__The task__:
Write out the data below exactly as given, without any of its pictures.

[Records excerpted from a collection]
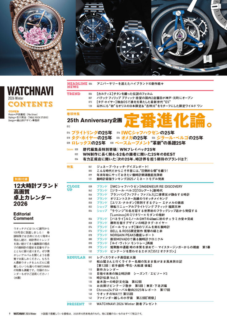 別冊付録は「時計カレンダー2026」/連載記事も大充実!
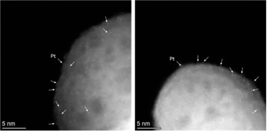 나노입자 형태의 백금은 수소 생산을 촉진하는 뛰어난 촉매 역할을 한다. 값이 비싸 비용 부담이 크다. 입자 내부의 원자들이 화학 반응에 직접 참여하지 않아 효율이 낮다.
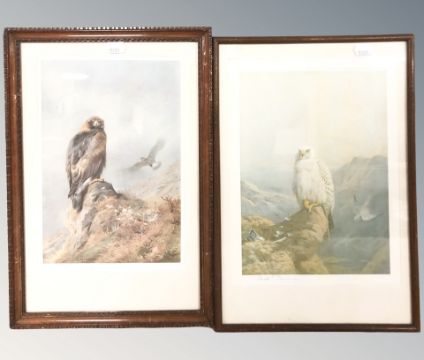 After Archibald Thorburn : Two colour prints depicting birds of prey, signed in pencil, 26 cm x 17.5 cm, together with a further print depicting owls perched on a branch, and a further limited edition monochrome print indistinctly signed. (4)
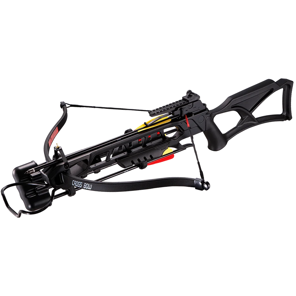 The Man Kung MK-XB23BK Anaconda recurve crossbow is a lithe model with a draw weight of 175 LBS. Targets up to 50 meters can be hit accurately with a velocity of up to 245 FPS (75 m/s), making it one of Man Kungs strongest recurve crossbows! Long shooting sessions are a breeze with this marvellous crossbow, as its weight is only just over 2KG. That’s not the only benefit of this model though: the MK-XB23BK has a 20 mm Picatinny rail on top, which means that the included red dot can easily be swapped out. Comes with the following accessories: a red dot, sling, quiver, cocking strong, stringer and 4 Man Kung 16 inch aluminium crossbow bolts.
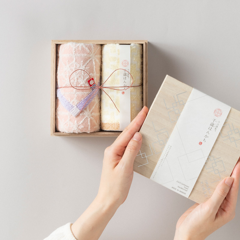 今治謹製 千歳はんかち 木箱入り タオルハンカチ2枚セット HK2017 ピンク

__Solution for this problem__:
 別冊付録は「時計カレンダー2026」/連載記事も大充実!
 나노입자 형태의 백금은 수소 생산을 촉진하는 뛰어난 촉매 역할을 한다. 값이 비싸 비용 부담이 크다. 입자 내부의 원자들이 화학 반응에 직접 참여하지 않아 효율이 낮다.
 After Archibald Thorburn : Two colour prints depicting birds of prey, signed in pencil, 26 cm x 17.5 cm, together with a further print depicting owls perched on a branch, and a further limited edition monochrome print indistinctly signed. (4)
 The Man Kung MK-XB23BK Anaconda recurve crossbow is a lithe model with a draw weight of 175 LBS. Targets up to 50 meters can be hit accurately with a velocity of up to 245 FPS (75 m/s), making it one of Man Kungs strongest recurve crossbows! Long shooting sessions are a breeze with this marvellous crossbow, as its weight is only just over 2KG. That’s not the only benefit of this model though: the MK-XB23BK has a 20 mm Picatinny rail on top, which means that the included red dot can easily be swapped out. Comes with the following accessories: a red dot, sling, quiver, cocking strong, stringer and 4 Man Kung 16 inch aluminium crossbow bolts.
 今治謹製 千歳はんかち 木箱入り タオルハンカチ2枚セット HK2017 ピンク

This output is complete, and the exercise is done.